Hi @brand17, the reason seems to be the "UnsatisfiedLinkError":

py4j.protocol.Py4JJavaError: An error occurred while calling o56.saveAsTable.
: java.lang.UnsatisfiedLinkError: org.apache.hadoop.io.nativeio.NativeIO$Windows.access0(Ljava/lang/String;I)Z

This means that Hadoop isn't properly setup and the native libraries (*.dll) are not found or fail to load. Are the required environment variables (SPARK_HOME, HADOOP_HOME, JAVA_HOME) and the paths to search for executables and binaries properly set up? It's quite a few steps to get Hadoop and Spark running on Windows. But there are many tutorials available on the web which describe the setup. Which were you following?

brand17 commented 3 years ago

All these variables are correct. Do I need to add these folders to PATH ? I followed the steps from here https://github.com/commoncrawl/cc-pyspark

sebastian-nagel commented 3 years ago

There are no instructions given in the cc-pyspark README how to install Spark. Spark itself comes with different packages including Hadoop or based on an already installed Hadoop. Which one did you take? Also not that Steve Loughran recommends to use the more regularly maintained https://github.com/cdarlint/winutils.

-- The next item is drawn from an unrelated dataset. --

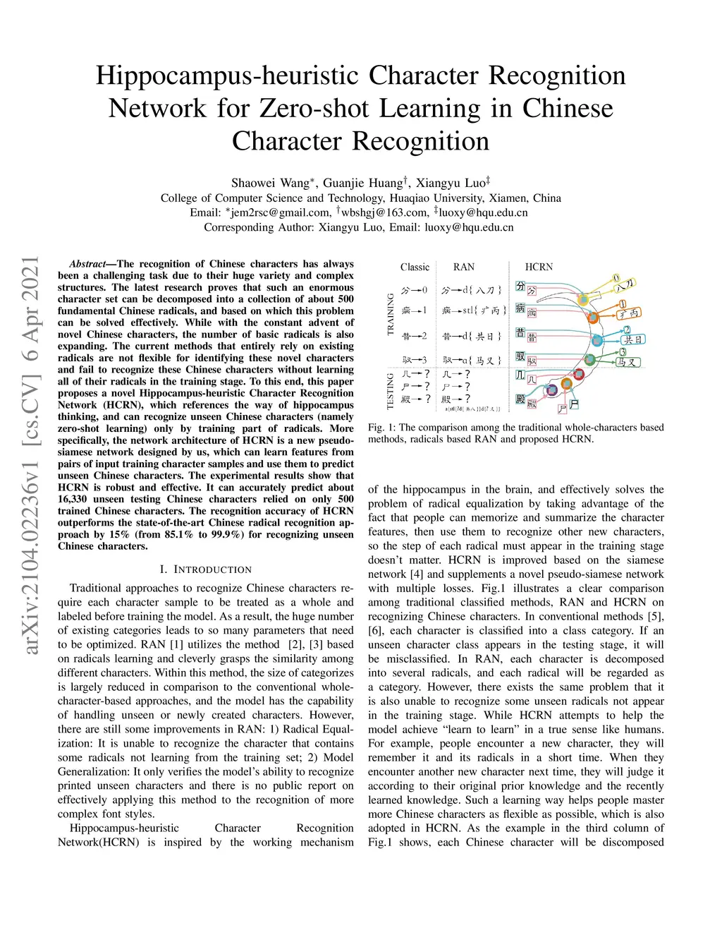 Hippocampus-heuristic Character Recognition Network for Zero-shot

add these folders to PATH ?

Yes, resp. these folders have a subfolder "bin/" which needs to be on PATH. Also the winutils.exe must be in one of the folders on PATH. But as said, there are detailed tutorials, eg. https://phoenixnap.com/kb/install-spark-on-windows-10 (of course, you would like to upgrade the more recent versions of Spark and/or Hadoop).

brand17 commented 3 years ago

Thanks for your support. I followed the https://phoenixnap.com/kb/install-spark-on-windows-10. And then called & $Env:SPARK_HOME/bin/spark-submit ./server_count.py --num_output_partitions 1 --log_level WARN ./input/test_warc.txt servernames.

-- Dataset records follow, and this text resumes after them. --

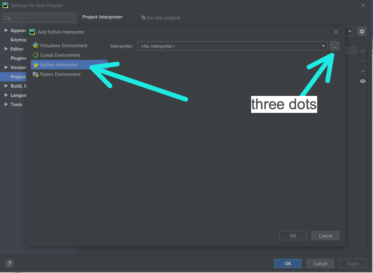 - Click the three dots on the right side of the "Project Interpreter" line: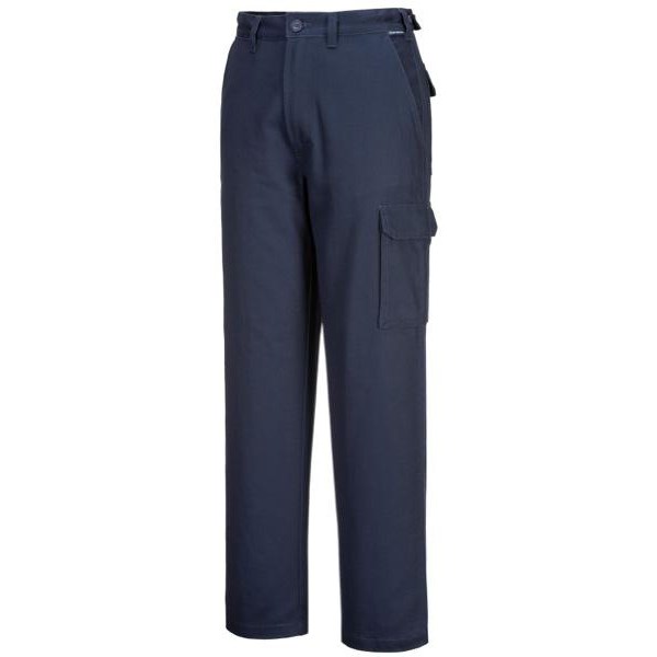 These Portwest Cargo Trousers are durable and comfortable work wear. The cargo pants are made from 100% cotton drill that is pre-shrunk. The trousers feature reinforced stress points for strength, a metal zip and metal button closure, and an adjustable waist for a comfortable fit. The trousers have two large back pockets with a touch tape closure, two deep hip pockets, a cargo pocket on the left leg and a ruler pocket to provide convenient storage.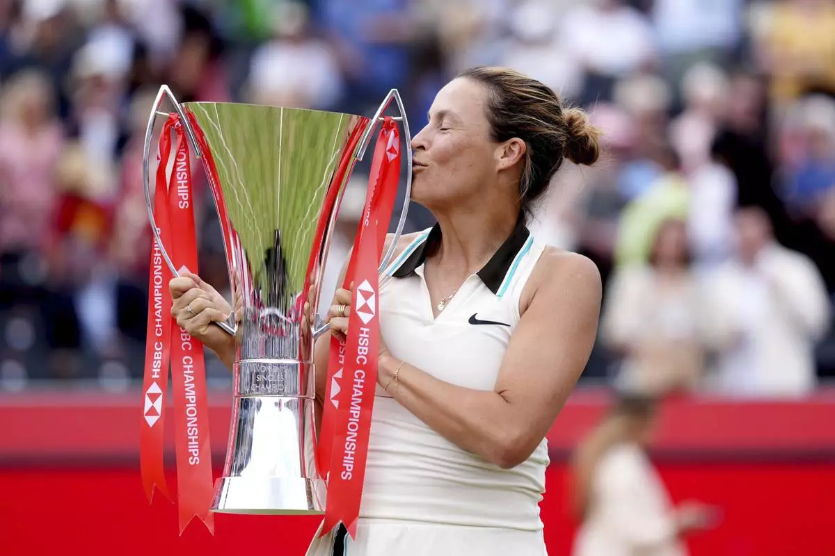 Tatjana Maria of Germany kisses the trophy after winning the women's final tennis match against Amanda Anisimova of the United States at The Queen's Club grass court tennis championships in London, Sunday, June 15, 2025. (Adam Davy/PA via AP)

Now I am getting the error:

pyspark.sql.utils.AnalysisException: Can not create the managed table('servernames'). The associated location('file:/C:/Users/FA/Google%20Drive/Colab%20Notebooks/Finance/Stock%20prediction/cc-pyspark/spark-warehouse/servernames') already exists.

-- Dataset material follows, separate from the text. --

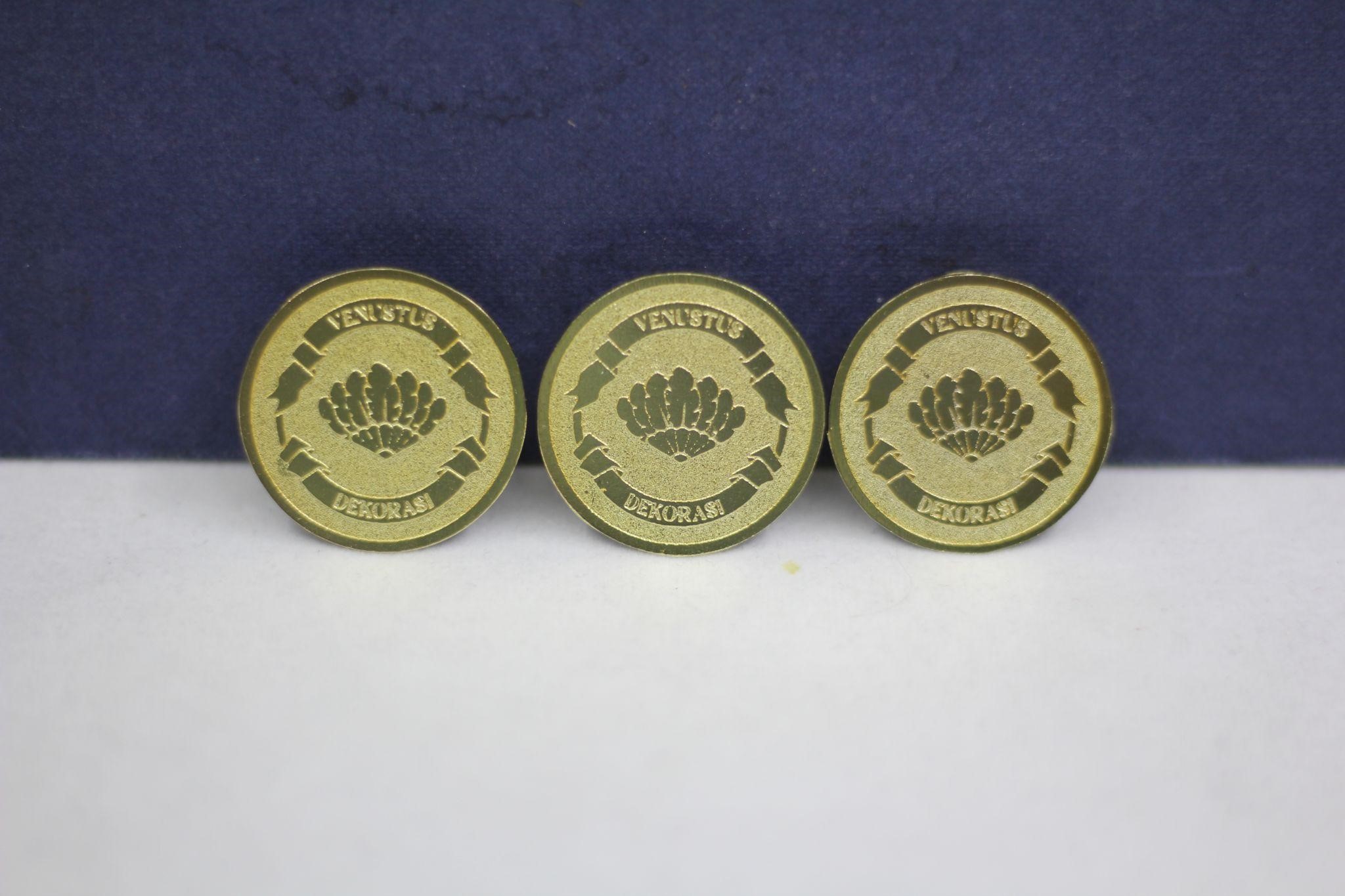 Pin adalah pin yang dibuat bentuk Custom sesuai keinginan yang dibuat dari plat kuningan biasa diletakan di dada sebagai identitas.

Actually there is no such a folder. When I run:

& $Env:SPARK_HOME/bin/pyspark
>>> df = sqlContext.read.parquet("spark-warehouse/servernames")

I am getting error:

pyspark.sql.utils.AnalysisException: Path does not exist: file:/C:/Users/FA/Google Drive/Colab Notebooks/Finance/Stock prediction/cc-pyspark/spark-warehouse/servernames

I think it could be caused by incorrect input. It was not clear for me - how to prepare input for Windows. And I called get-data.sh from cygwin. As a result I've got the following test_warc.txt:

file:/cygdrive/c/Users/FA.PROJECTOR-MSK/Google Диск/Colab Notebooks/Finance/stock prediction/cc-pyspark/crawl-data/CC-MAIN-2017-13/segments/1490218186353.38/warc/CC-MAIN-20170322212946-00000-ip-10-233-31-227.ec2.internal.warc.gz

Is it correct ?

sebastian-nagel commented 3 years ago

The paths look slightly different because of

I cannot try which path variant will work (I'm on Linux). To eliminate potential errors I would make the base path as simple as possible - short, without any white space and not as sub-folder of a directory with localized names.

brand17 commented 3 years ago

It works, thanks